### Activity:
Transcribe the data as written, minus images.

### Input data:

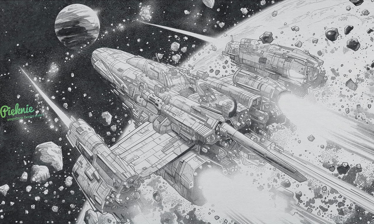 Wall Art Kanata komiksowa fototapeta na wymiar science fiction statek kosmiczny
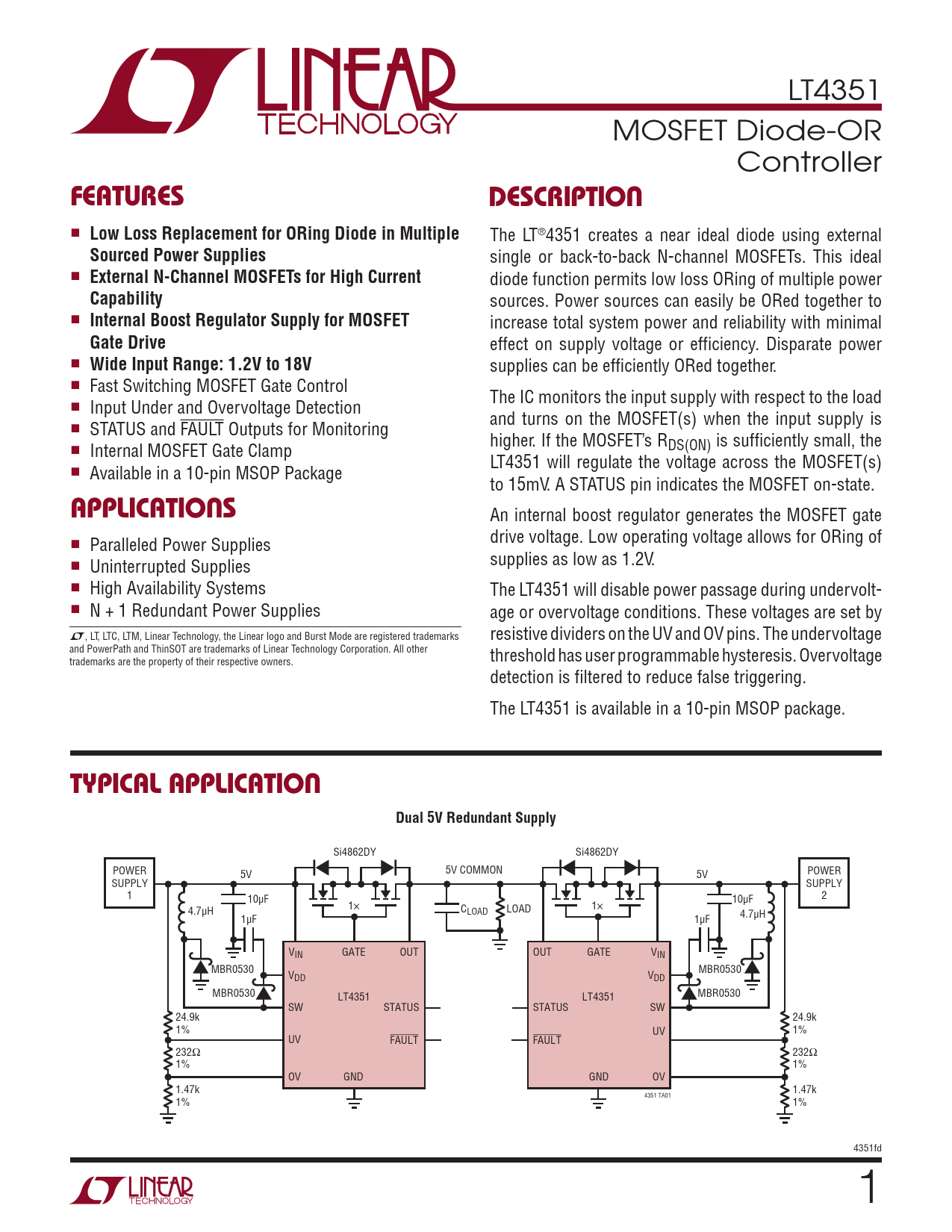 supplies can be efficiently ORed together. n Fast Switching MOSFET Gate Control The IC monitors the input supply with respect to the load n Input Under and Overvoltage Detection and turns on the MOSFET(s) when the input supply is n STATUS and FAULT Outputs for Monitoring higher. If the MOSFET’s R n DS(ON) is sufficiently small, the Internal MOSFET Gate Clamp LT4351 will regulate the voltage across the MOSFET(s) n Available in a 10-pin MSOP Package to 15mV. A STATUS pin indicates the MOSFET on-state.
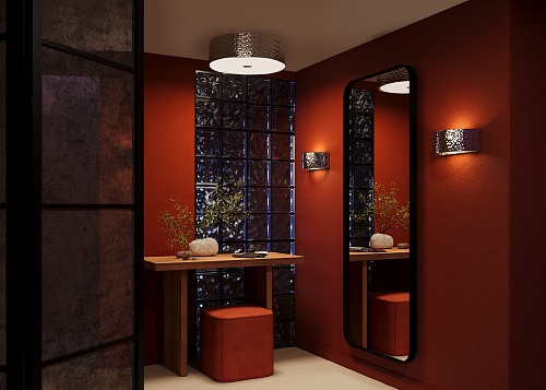 Арматура – металл в цветах хром и золото. Фактурный рисунок нанесен посредством чеканки. Стекло с рельефной поверхностью скрывает источники света. Декора тивный эффект «рябь на воде». Источник света - лампа с цоколем Е14.

### Task output:
 Wall Art Kanata komiksowa fototapeta na wymiar science fiction statek kosmiczny
 supplies can be efficiently ORed together. n Fast Switching MOSFET Gate Control The IC monitors the input supply with respect to the load n Input Under and Overvoltage Detection and turns on the MOSFET(s) when the input supply is n STATUS and FAULT Outputs for Monitoring higher. If the MOSFET’s R n DS(ON) is sufficiently small, the Internal MOSFET Gate Clamp LT4351 will regulate the voltage across the MOSFET(s) n Available in a 10-pin MSOP Package to 15mV. A STATUS pin indicates the MOSFET on-state.
 Арматура – металл в цветах хром и золото. Фактурный рисунок нанесен посредством чеканки. Стекло с рельефной поверхностью скрывает источники света. Декора тивный эффект «рябь на воде». Источник света - лампа с цоколем Е14.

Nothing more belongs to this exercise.